The builders are also offering freebies ranging from free modular kitchen, LCD, free second car parking, iPhone, car, gold coin, free club membership, power backup, cash discount, foreign trip and more. Many are offering to pay registration and stamp duty charges. This is apart from the waiver of goods and services tax or GST.

Do Basic Research

In order to get a good deal, do some research on your own so that you are in a better position to bargain with the seller. Once you have finalised the location after evaluating it on parameters such as infrastructure around the area, proximity to schools, hospitals, airport and your job location, etc, start collecting information about projects in the area. There are several online property portals that can come in handy for comparison of projects in the area.

"It is advisable for a customer to do extensive research about the developer's track record and the feasibility of the offer as per legal frameworks such as RERA. Some feedback from existing clients is always helpful. These precautionary steps can go a long way in protecting customers from any unpleasant experiences at a later stage," says Anshuman Magazine, Chairman and CEO, India, South East Asia, Middle East and Africa, CBRE.

When you are not sure about completion date or whether the builder can be trusted, go for a ready-to-move house. "Buyers now prefer ready-to-move assets or assets nearing completion (in under six months) wherein the apartment can be booked by paying a small amount (up to 30 per cent cost) and the residual payment is linked to possession. This limits buyers' risk in case of non-delivery or construction delays," says Ashutosh Kashyap, Associate Director, Valuation & Advisory Services at Colliers International India.

After you have zeroed in on a few projects, visit those to see at what stage the project is. "Sometimes, developers say the project is ready and has part-occupancy certificate but if one visits the site, one would find that a lot of internal work is yet to be completed, which may take another six to 12 months. So, a buyer must visit the site before finalising the deal," says Pankaj Kapoor, MD, Liases Foras.

Price Comparison

To evaluate the deal, compare prices with similar projects in the vicinity. This will help you understand whether the developer is offering a real discount or has jacked up the price and offering a discount on that. "As part of marketing campaigns, developers offer foreign trips, cars or gold coins. At times, there are even bigger offers on the basis of 'lucky draws'. More often than not, such offers have been observed to be nothing more than marketing gimmicks with limited substance. Besides, the monetary value of such offers is a very small percentage of the deal value," says Ashutosh Kashyap of Colliers.

Also, be wary of frivolous offers. Some developers are offering GST waiver. However, if a project is ready to move, no GST is levied on it. GST is levied only on under-construction projects. Therefore, homebuyers should avoid such offers.

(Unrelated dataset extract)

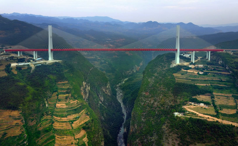 北盤(pán)江第一橋地處云南省宣威市普立鄉(xiāng)臘龍村與貴州省六盤(pán)水市水城縣都格鄉(xiāng)交界處,位于云南省宣威市普立鄉(xiāng)尼珠河,是杭瑞高速公路控制性橋梁工程,坐落于滇東北的崇山峻嶺中,大橋全長(zhǎng)1341.4米,主跨720米,為世界最大跨徑的鋼桁架梁斜拉橋。

So, bargain for cash/price discounts as you may not need some of the freebies on offer. "Developers attempt to lure buyers with promotional offers. However, the buyers should insist on offers with substance and utility such as upfront cash discounts, flexibility in payment schemes, club membership charge waiver, free additional car parking, modular kitchen, apartment furnishings, etc.," he adds.

Exercise Caution

Buying a house is generally a once-in-a-lifetime decision. So, thoroughly evaluate the deal before opting for it. If it looks too good to be true, it is better to avoid it. "Evaluation should be backed by good research about the developer and the micro market. Background check, past projects and quality, opinion from legal consultant, financial position of the developer and reviews from existing customers need to be considered with utmost importance. Assessment of all these factors can mitigate any possible risk," says Magazine.